- Film poster
- Directed by: Aoife McArdle
- Written by: Aoife McArdle
- Produced by: Sally Campbell; Andrew Freedman;
- Starring: Ann Skelly
- Cinematography: Steve Annis
- Edited by: Dan Sherwen
- Music by: Jon Clarke
- Production companies: Venom Films; Screen Ireland;
- Distributed by: Wildcard Distribution
- Release dates: 8 September 2017 (TIFF); 22 June 2018 (United Kingdom);
- Running time: 102 minutes
- Country: Ireland
- Language: English

= Kissing Candice =

2017 film

Kissing Candice is a 2017 Irish drama film directed by Aoife McArdle and starring Ann Skelly. It was screened in the Discovery section at the 2017 Toronto International Film Festival and had its European premiere at the Berlin International Film Festival in February 2018.

==Cast==
- Ann Skelly as Candice
- Ryan Lincoln as Jacob
- Conall Keating as Dermot
- Ryan McParland as Conor
- Caitriona Ennis as Martha
- John Lynch as Donal
- Jack Nolan as Wolfman
- Tony Doyle as Sharkey
- Maghnús Foy as Monk
- James Greene as Maguire
- Seaghán Óg O'Neill as Aaron
- Jason Cullen as Caleb
- Kwaku Fortune as Finn

==Reception==
The film holds an approval rating of 73% on Rotten Tomatoes, based on 15 reviews, with an average rating of 6.3/10.

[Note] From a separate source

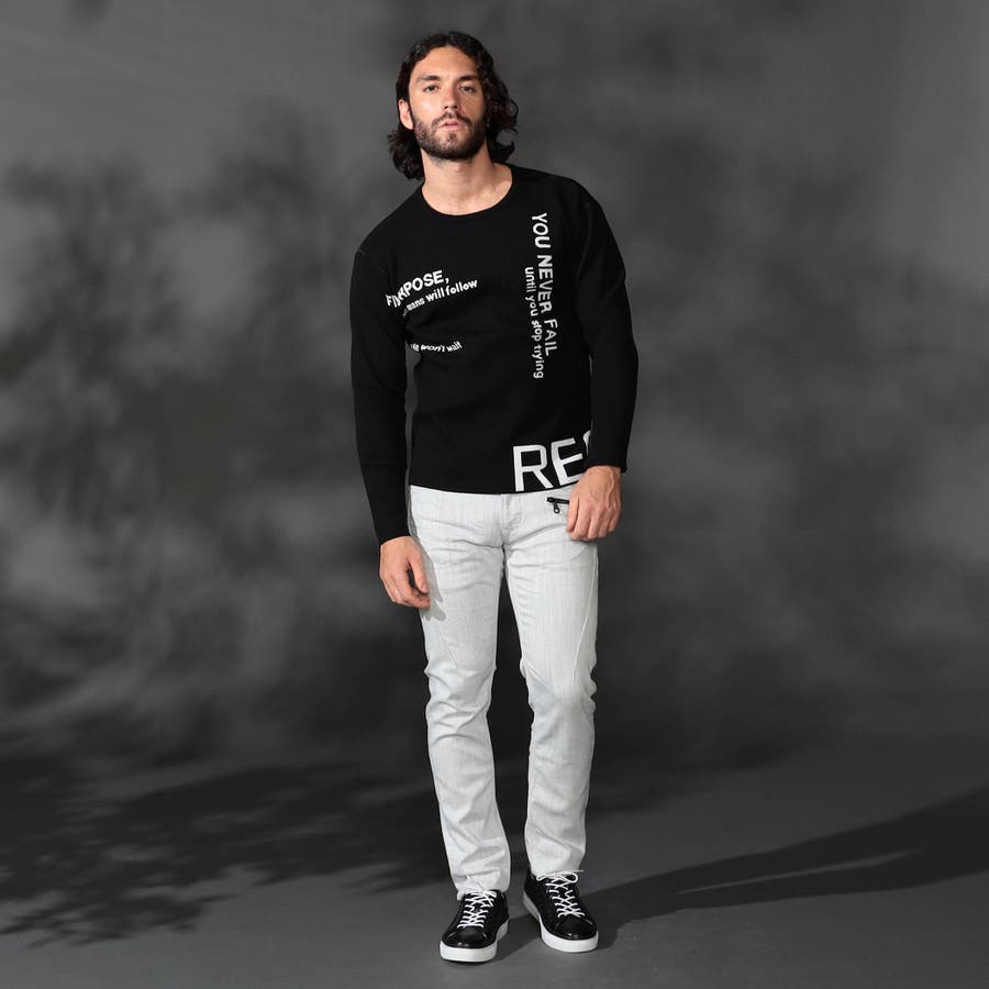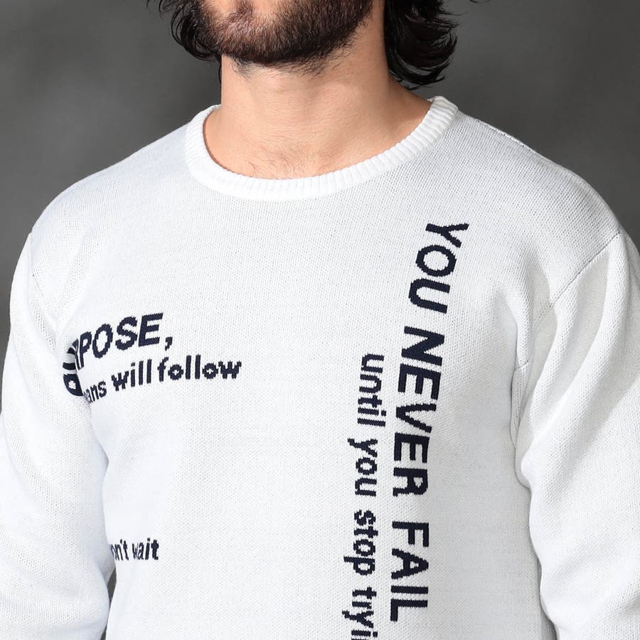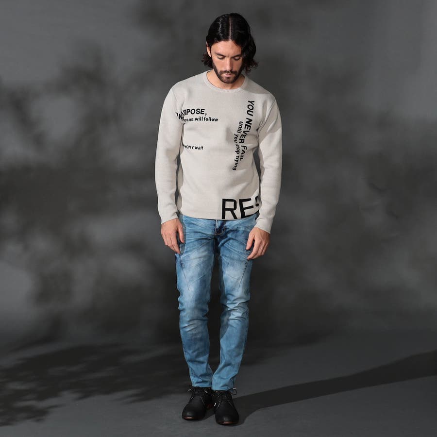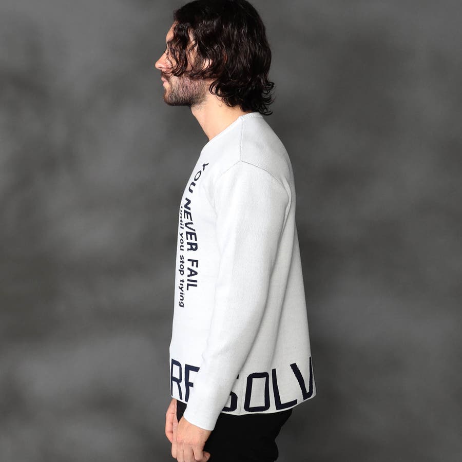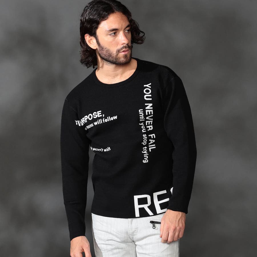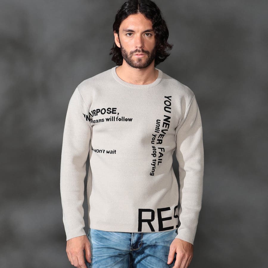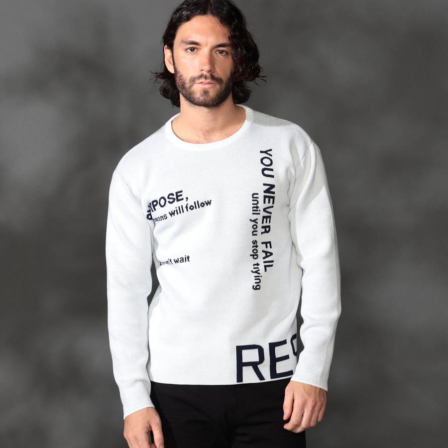1枚着でもインナ-でもサマになる大胆なロゴジャカ-ドがポイントの、クル-ネックニットになります。

Peter Bradshaw of The Guardian said, "Aoife McArdle's tale of a teenager rescued in reality by a stranger from her fantasies is an audacious delight." Hot Press wrote, "At once raw and stylised, dreamlike and terrifyingly real, Kissing Candice is a bleak portrait of Ireland, but a compelling one." Sinead McCausland of Film School Rejects wrote, "For a film so assured, stylised and well paced, McArdle has certainly made an impressive, and memorable, debut."

=== Controversy ===
Even though it screened as part of the Generation 14plus section at the 2018 Berlinale, the film was given an 18 certificate by the Irish Film Classification Office. The film was given a 15 rating in the United Kingdom.